→ **THE PROBLEM**
An exact, complete printout of the listing is wanted, minus its images.

→ **DATASET SECTION**
[Start of Attachment]
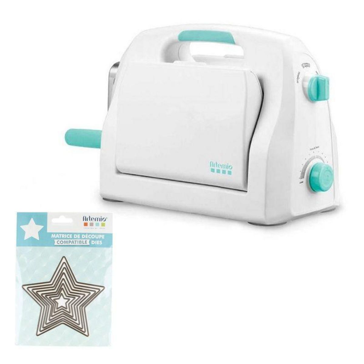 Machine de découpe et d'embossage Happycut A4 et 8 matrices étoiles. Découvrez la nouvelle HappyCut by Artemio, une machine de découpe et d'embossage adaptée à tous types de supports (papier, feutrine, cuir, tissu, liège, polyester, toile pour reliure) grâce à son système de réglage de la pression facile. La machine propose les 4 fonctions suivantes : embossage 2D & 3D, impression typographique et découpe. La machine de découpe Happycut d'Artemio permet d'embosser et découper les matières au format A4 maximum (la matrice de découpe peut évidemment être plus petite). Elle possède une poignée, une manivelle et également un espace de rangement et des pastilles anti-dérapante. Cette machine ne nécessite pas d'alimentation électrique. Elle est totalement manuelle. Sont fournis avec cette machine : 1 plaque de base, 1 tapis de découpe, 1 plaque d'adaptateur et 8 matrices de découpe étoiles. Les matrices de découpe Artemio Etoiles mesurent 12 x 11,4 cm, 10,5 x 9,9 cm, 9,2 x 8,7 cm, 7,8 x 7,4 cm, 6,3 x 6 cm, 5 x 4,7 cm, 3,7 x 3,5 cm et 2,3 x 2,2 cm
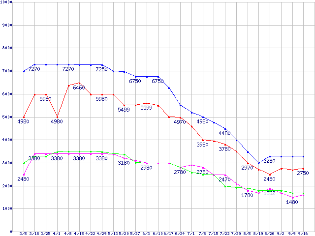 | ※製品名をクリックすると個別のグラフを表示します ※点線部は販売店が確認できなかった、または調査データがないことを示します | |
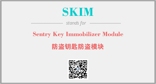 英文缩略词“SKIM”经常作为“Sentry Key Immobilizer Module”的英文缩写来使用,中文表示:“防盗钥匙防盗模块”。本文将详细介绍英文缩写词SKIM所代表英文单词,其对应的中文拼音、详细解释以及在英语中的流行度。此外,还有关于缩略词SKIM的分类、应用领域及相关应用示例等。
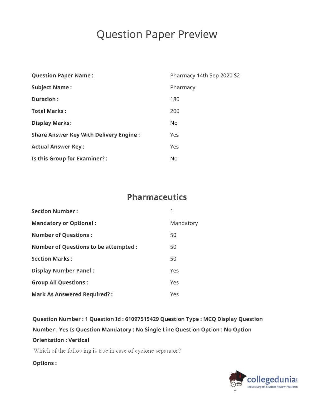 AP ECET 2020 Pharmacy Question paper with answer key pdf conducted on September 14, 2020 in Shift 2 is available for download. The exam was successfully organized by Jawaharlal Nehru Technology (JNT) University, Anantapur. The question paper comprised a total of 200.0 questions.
[End of Attachment]
→ **SOLUTION FOR THIS TASK**
 Machine de découpe et d'embossage Happycut A4 et 8 matrices étoiles. Découvrez la nouvelle HappyCut by Artemio, une machine de découpe et d'embossage adaptée à tous types de supports (papier, feutrine, cuir, tissu, liège, polyester, toile pour reliure) grâce à son système de réglage de la pression facile. La machine propose les 4 fonctions suivantes : embossage 2D & 3D, impression typographique et découpe. La machine de découpe Happycut d'Artemio permet d'embosser et découper les matières au format A4 maximum (la matrice de découpe peut évidemment être plus petite). Elle possède une poignée, une manivelle et également un espace de rangement et des pastilles anti-dérapante. Cette machine ne nécessite pas d'alimentation électrique. Elle est totalement manuelle. Sont fournis avec cette machine : 1 plaque de base, 1 tapis de découpe, 1 plaque d'adaptateur et 8 matrices de découpe étoiles. Les matrices de découpe Artemio Etoiles mesurent 12 x 11,4 cm, 10,5 x 9,9 cm, 9,2 x 8,7 cm, 7,8 x 7,4 cm, 6,3 x 6 cm, 5 x 4,7 cm, 3,7 x 3,5 cm et 2,3 x 2,2 cm
 | ※製品名をクリックすると個別のグラフを表示します ※点線部は販売店が確認できなかった、または調査データがないことを示します | |
 英文缩略词“SKIM”经常作为“Sentry Key Immobilizer Module”的英文缩写来使用,中文表示:“防盗钥匙防盗模块”。本文将详细介绍英文缩写词SKIM所代表英文单词,其对应的中文拼音、详细解释以及在英语中的流行度。此外,还有关于缩略词SKIM的分类、应用领域及相关应用示例等。
 AP ECET 2020 Pharmacy Question paper with answer key pdf conducted on September 14, 2020 in Shift 2 is available for download. The exam was successfully organized by Jawaharlal Nehru Technology (JNT) University, Anantapur. The question paper comprised a total of 200.0 questions.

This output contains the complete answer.